Yes, that's right. And it's also more verbose than your original proposal.

You could also write e.g.

case returnResult (p, q, s) of
  (ra, rb, rc) => recursiveCall (p, ra, rb, rc)

as an alternative to let-in-end.

You could make returnResult and recursiveCall curried functions and use uncurry3:

fun curry3 f x y z = f (x, y, z)
fun uncurry3 f (x, y, z) = f x y z

fun returnResult p q s = (p + 1, q + 2, s + 3)
fun recursiveCall p q r s =
  uncurry3 (recursiveCall p) (returnResult p q s)

Here, recursiveCall p is partially applied to one of its four arguments, making it a function that accepts three curried arguments. uncurry3 (recursiveCall p) thus becomes a function that accepts a 3-tuple, which is the precise result of returnResult p q s.

This method relies on the order of arguments conveniently fitting together.

But I think this is a symptom of returnResult returning too many things.

Ideally functions return the one thing their name suggests that it computes.

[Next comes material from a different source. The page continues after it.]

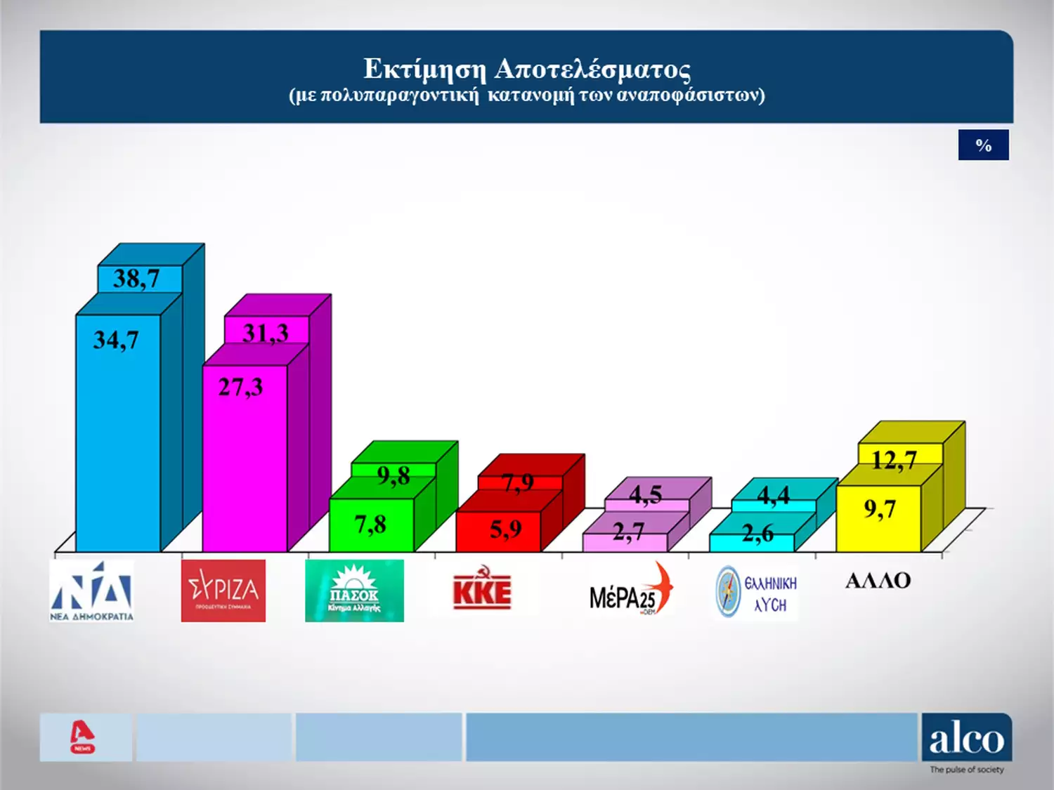 H ΝΔ θα συγκεντρώσει ποσοστό από 34,7% έως 38,7% ενώ ο ΣΥΡΙΖΑ εκτιμάται ότι θα συγκεντρώσει από 27,3% έως 31,3%

Perhaps some of the computations that returnResult does can be split into multiple functions, or perhaps they're really one thing and should be wrapped in a common data type, or perhaps p, q and s are better passed as implicit arguments of a reader/state monad. I don't have a good example of how the last thing looks in ML at hand, but I also can't say what the situation warrants, since the code is hypothetical.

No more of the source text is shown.